■ Given records ■
* * * * * * * * *
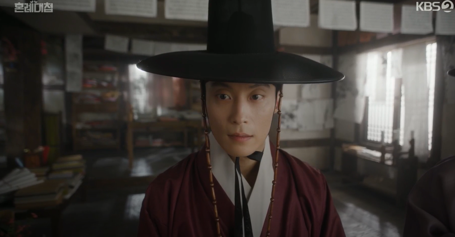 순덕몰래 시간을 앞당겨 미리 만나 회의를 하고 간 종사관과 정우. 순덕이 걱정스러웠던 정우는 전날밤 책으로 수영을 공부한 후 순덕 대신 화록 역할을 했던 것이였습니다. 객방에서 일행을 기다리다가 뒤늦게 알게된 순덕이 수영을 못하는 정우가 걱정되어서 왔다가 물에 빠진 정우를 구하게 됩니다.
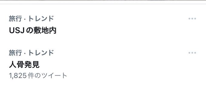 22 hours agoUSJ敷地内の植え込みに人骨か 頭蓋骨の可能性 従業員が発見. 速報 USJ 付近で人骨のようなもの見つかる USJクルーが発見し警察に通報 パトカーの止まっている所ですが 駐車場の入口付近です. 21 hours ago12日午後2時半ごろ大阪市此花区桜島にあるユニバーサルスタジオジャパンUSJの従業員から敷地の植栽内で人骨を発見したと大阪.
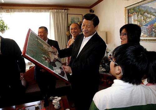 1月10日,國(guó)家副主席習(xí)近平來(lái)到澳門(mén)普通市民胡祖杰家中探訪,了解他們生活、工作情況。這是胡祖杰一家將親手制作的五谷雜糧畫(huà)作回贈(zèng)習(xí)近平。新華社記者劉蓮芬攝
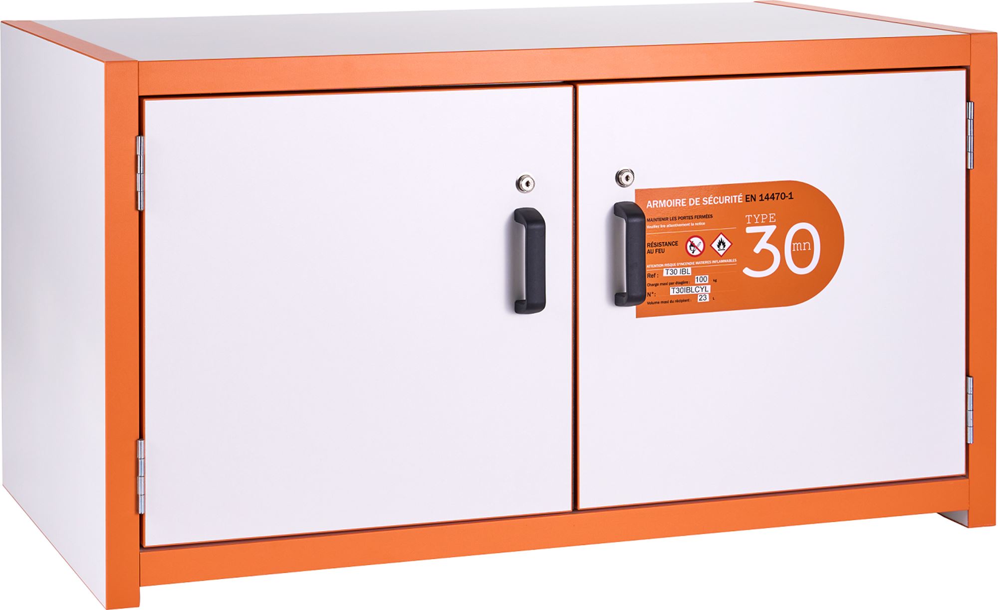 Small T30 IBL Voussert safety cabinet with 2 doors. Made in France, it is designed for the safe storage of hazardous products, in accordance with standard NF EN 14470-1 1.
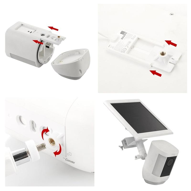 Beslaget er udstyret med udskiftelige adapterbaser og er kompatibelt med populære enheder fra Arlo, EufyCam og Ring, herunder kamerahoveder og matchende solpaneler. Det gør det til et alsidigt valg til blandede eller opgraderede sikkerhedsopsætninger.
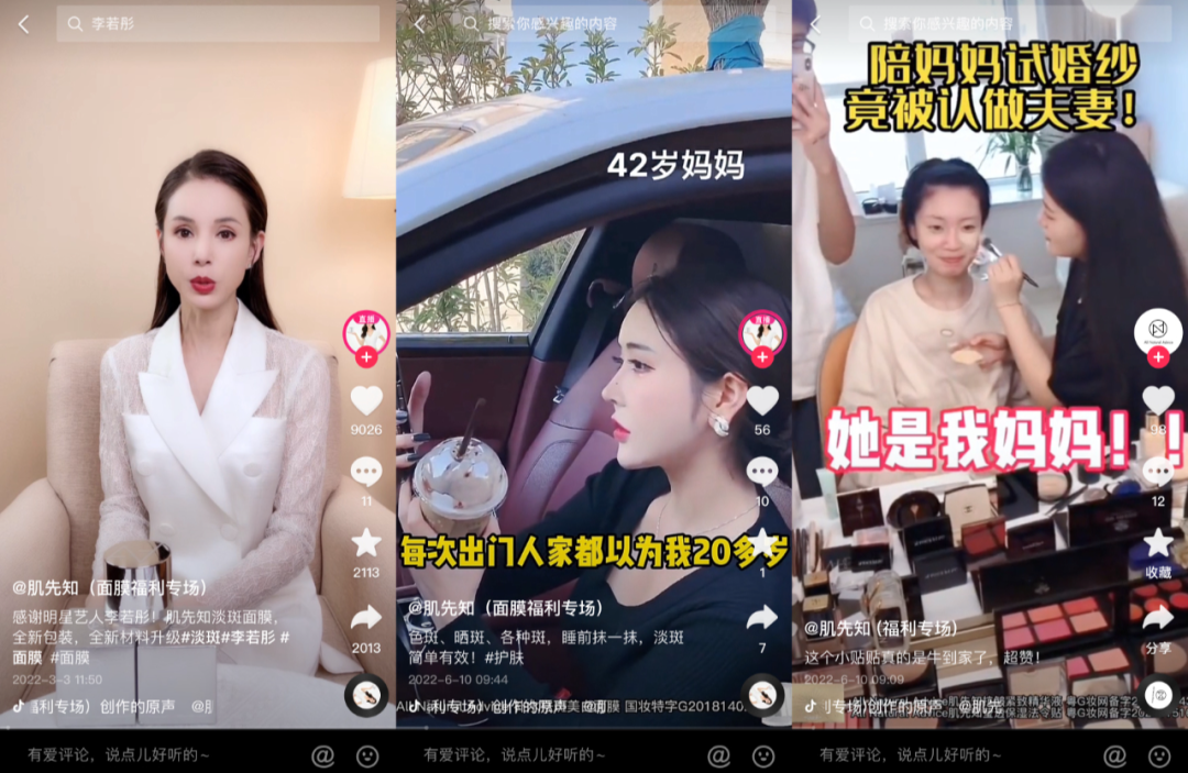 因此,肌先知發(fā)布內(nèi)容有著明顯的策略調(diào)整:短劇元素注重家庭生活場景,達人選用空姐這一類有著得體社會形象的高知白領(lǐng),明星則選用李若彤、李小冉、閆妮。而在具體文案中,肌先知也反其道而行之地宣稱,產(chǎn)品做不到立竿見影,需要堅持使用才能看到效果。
* * * * * * * * *
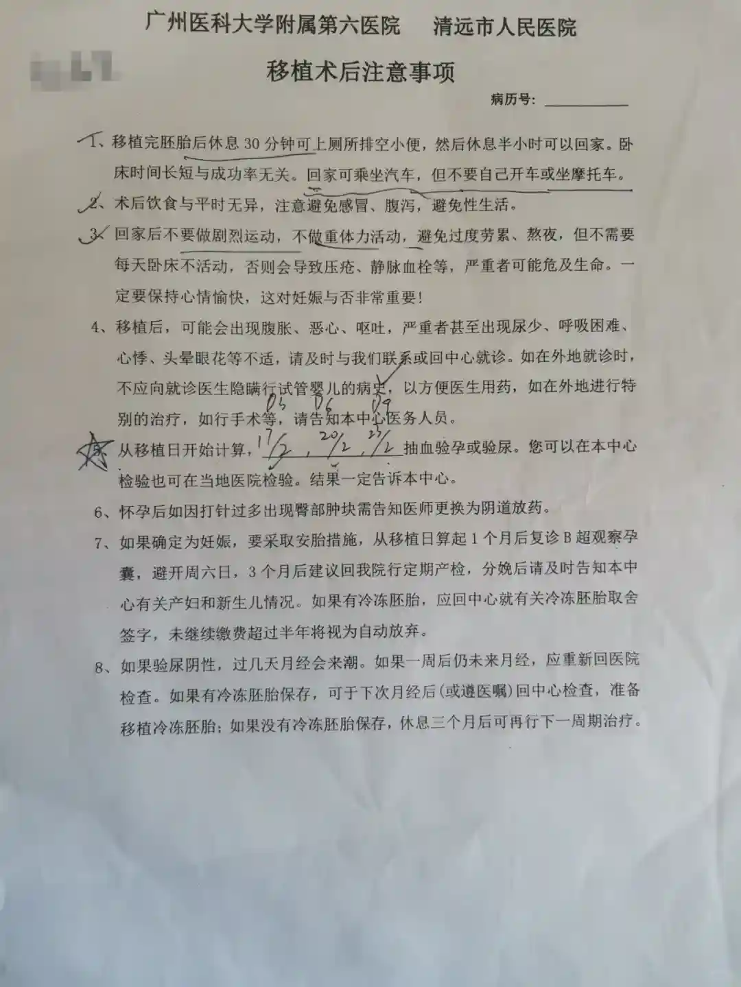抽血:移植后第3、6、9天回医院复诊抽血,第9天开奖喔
* * * * * * * * *
■ What is being asked ■
What you need to produce is an exact copy of the entries above, limited to the lines from the one with "순덕몰래 시간을 앞당겨" up to and including the one with "22 hours agoUSJ敷地内の植え込みに人骨か", without pictures.

■ Answer for this exercise ■
 순덕몰래 시간을 앞당겨 미리 만나 회의를 하고 간 종사관과 정우. 순덕이 걱정스러웠던 정우는 전날밤 책으로 수영을 공부한 후 순덕 대신 화록 역할을 했던 것이였습니다. 객방에서 일행을 기다리다가 뒤늦게 알게된 순덕이 수영을 못하는 정우가 걱정되어서 왔다가 물에 빠진 정우를 구하게 됩니다.
 22 hours agoUSJ敷地内の植え込みに人骨か 頭蓋骨の可能性 従業員が発見. 速報 USJ 付近で人骨のようなもの見つかる USJクルーが発見し警察に通報 パトカーの止まっている所ですが 駐車場の入口付近です. 21 hours ago12日午後2時半ごろ大阪市此花区桜島にあるユニバーサルスタジオジャパンUSJの従業員から敷地の植栽内で人骨を発見したと大阪.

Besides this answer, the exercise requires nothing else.